Sample efficiency and human dataset


One of the rule of the competition is to train “with only 8,000,000 samples”. How would number of samples be counted if I train something using the human dataset only? How to count, if both human dataset and the game engine are used during training?


In this competition we are talking about sampling from the environment; you can use as many of the human samples as many times as you want.

The motivation is this: it is far more feasible to collect a bunch of humans driving cars than to run \epsilon-greedy random exploration for some RL algorithm with a real car.
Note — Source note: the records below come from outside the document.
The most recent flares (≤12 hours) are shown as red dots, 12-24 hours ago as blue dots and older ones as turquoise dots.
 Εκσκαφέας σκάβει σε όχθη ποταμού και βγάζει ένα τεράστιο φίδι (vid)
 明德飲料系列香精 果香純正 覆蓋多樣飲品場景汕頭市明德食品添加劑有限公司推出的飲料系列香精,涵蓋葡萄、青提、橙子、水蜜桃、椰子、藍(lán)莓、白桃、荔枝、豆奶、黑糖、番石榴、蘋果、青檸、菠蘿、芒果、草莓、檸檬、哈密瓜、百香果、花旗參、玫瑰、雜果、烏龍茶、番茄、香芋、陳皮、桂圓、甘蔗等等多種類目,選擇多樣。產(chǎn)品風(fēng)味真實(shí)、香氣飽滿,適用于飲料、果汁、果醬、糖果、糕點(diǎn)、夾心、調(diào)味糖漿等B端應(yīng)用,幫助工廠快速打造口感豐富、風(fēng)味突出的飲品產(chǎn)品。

Hence we limit the number of samples you get with the real car to 8,000,000, and encourage you to use the dataset as much as possible.

Hope this helps!

1 Like

I have a question, if we use more than a state in once interaction. and the server will how to count the sample count?

e.g, likes the baselines code on Gym.step, they may used 4 states in once step refer to the agent, therefore, we could only use 8,000,000/4 = 2,000,000 step in training stage? Please help to make sure with it, Thanks.
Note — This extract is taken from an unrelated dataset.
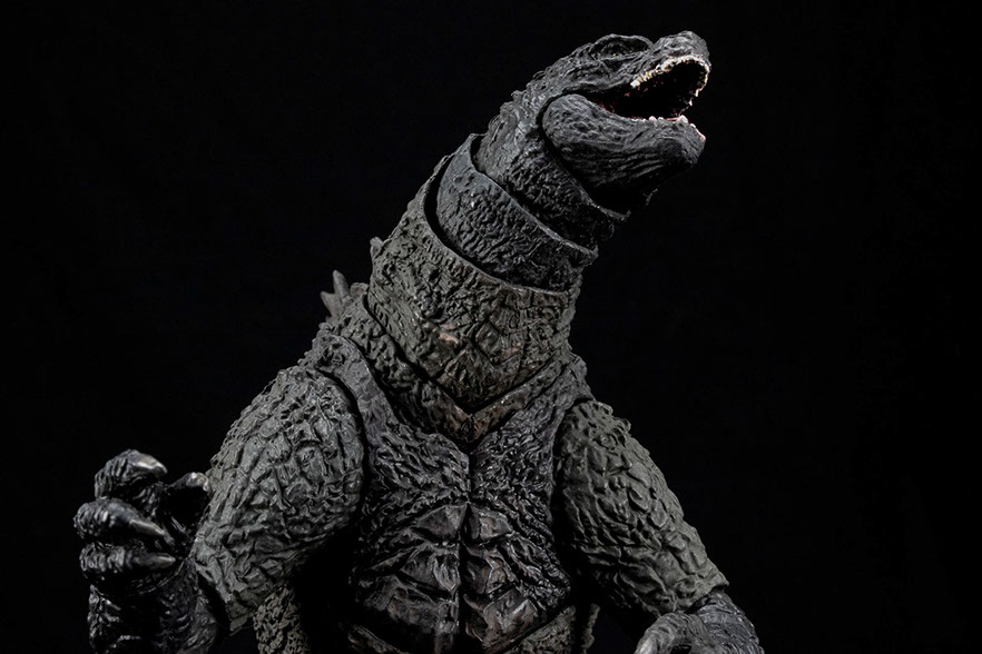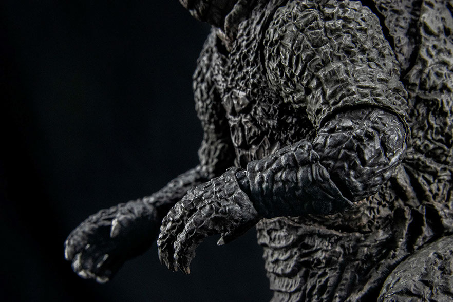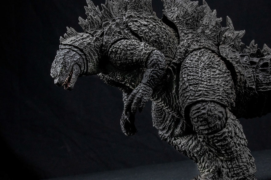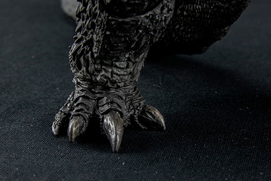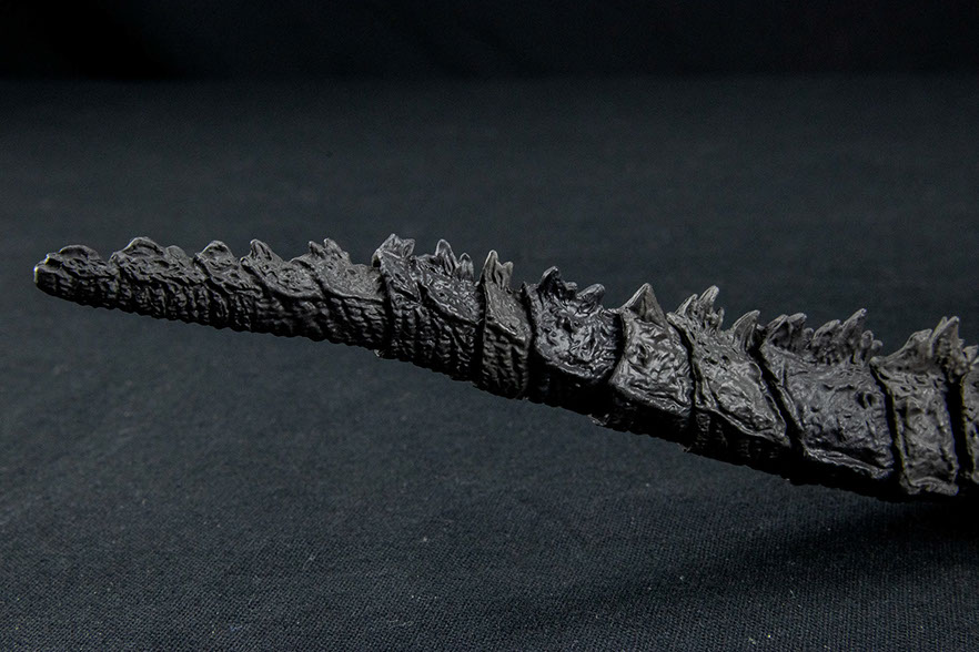 S.H.MonsterArts Godzilla (2019) is an outstanding example of a character walking off the screen to your collectible display. The articulation engineering has seen some improvements from the Godzilla (2014) figure, particularly with the head and neck. With the tail being shorter, it is able to hold a pose as well. Posing bad-ass moments from the film can easily be achieved.

    def step(self, action):
        """Repeat action, sum reward, and max over last observations."""
        total_reward = 0.0
        done = None
        for i in range(self._skip):
            obs, reward, done, info = self.env.step(action)
            if i == self._skip - 2: self._obs_buffer[0] = obs
            if i == self._skip - 1: self._obs_buffer[1] = obs
            total_reward += reward
            if done:
        # Note that the observation on the done=True frame
        # doesn't matter
        max_frame = self._obs_buffer.max(axis=0)
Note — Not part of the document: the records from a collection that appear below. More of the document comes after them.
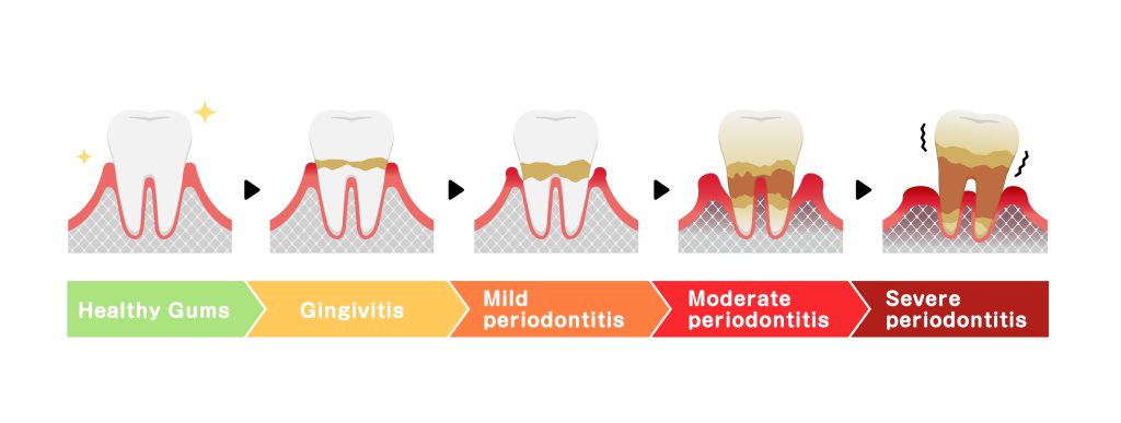 Gum disease is inflammation caused by plaque buildup. Early-stage disease (gingivitis) can progress to periodontitis if untreated.
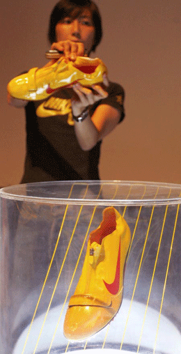 A model presents the running shoes Chinese 110m hurdler Liu Xiang will wear during the Beijing Olympic Games, in Beijing, July 31, 2008. Liu's running shoes and jersey were unveiled on Thursday. [Xinhua]
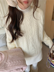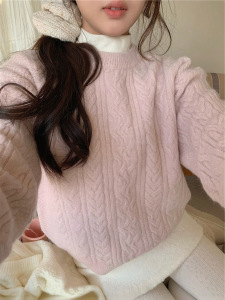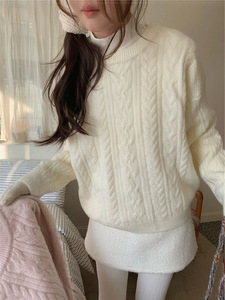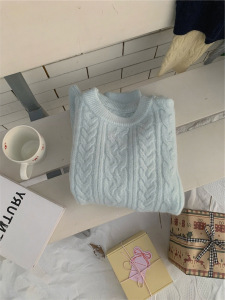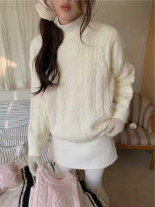 跨境十色入 超软糯舒服复古麻花辫简约纯色气质圆领套头针织毛衣
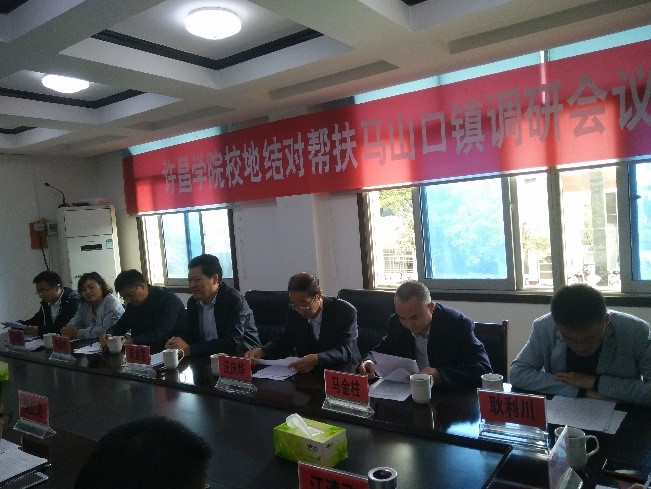 9月27日上午,bet36体育在线校地结对帮扶团队到达马山口镇。马山口镇镇长樊红涛主持召开了中原农耕文化研讨会。会上,专家博士们观看了马山口镇专题宣传片,对该镇的历史文化和新时代马山人的精神面貌有了充分了解,然后通过实地调研,走访了宛西烈士墓碑园区规划、红色教育基地建设、宛西地委办公遗址开发,调查了南阳市先进电子商务平台、岳岗村爱心扶贫商店、汪沟村易地搬迁新村建设等项目的建设情况。下午,在马山口镇人大主席沈礼华的指引下,bet36体育在线工会高金星主席,汪庆华教授及部分博士专家前往关帝坪村踏察了马山将要发展的旅游脱贫项目,航拍了地形地貌,走访了贫困户和致富能手。
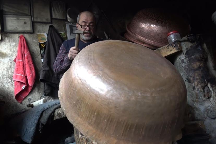 Dövme bakır kazanlar geleneksel yöntemlerle hazırlanıyor

        return max_frame, total_reward, done, info

And, I found this code in the baseline’s,

 # calculate corresponding `steps` and `eval_interval` according to frameskip
    # = 1440 episodes if we count an episode as 6000 frames,
    # = 1080 episodes if we count an episode as 8000 frames.
    maximum_frames = 8640000
    if args.frame_skip is None:
        steps = maximum_frames
        eval_interval = 6000 * 100  # (approx.) every 100 episode (counts "1 episode = 6000 steps")
        steps = maximum_frames // args.frame_skip
        eval_interval = 6000 * 100 // args.frame_skip  # (approx.) every 100 episode (counts "1 episode = 6000 steps")

Every call to env.step() is counted as a step of the environment. It’s completely up to you how to use those steps!


Let me ask another question about MINERL_TRAINING_MAX_INSTANCES = 5 in competition_submission_starter_template. I’m not quite sure how INSTANCE is defined.
Does it mean that max 5 gym env could be run in parallel while training?
Or max 5 parallel trainer perform update function independently and somehow merge gradients periodically?
Or max 5 processes (regardless of doing what kind of job) can be deployed while training?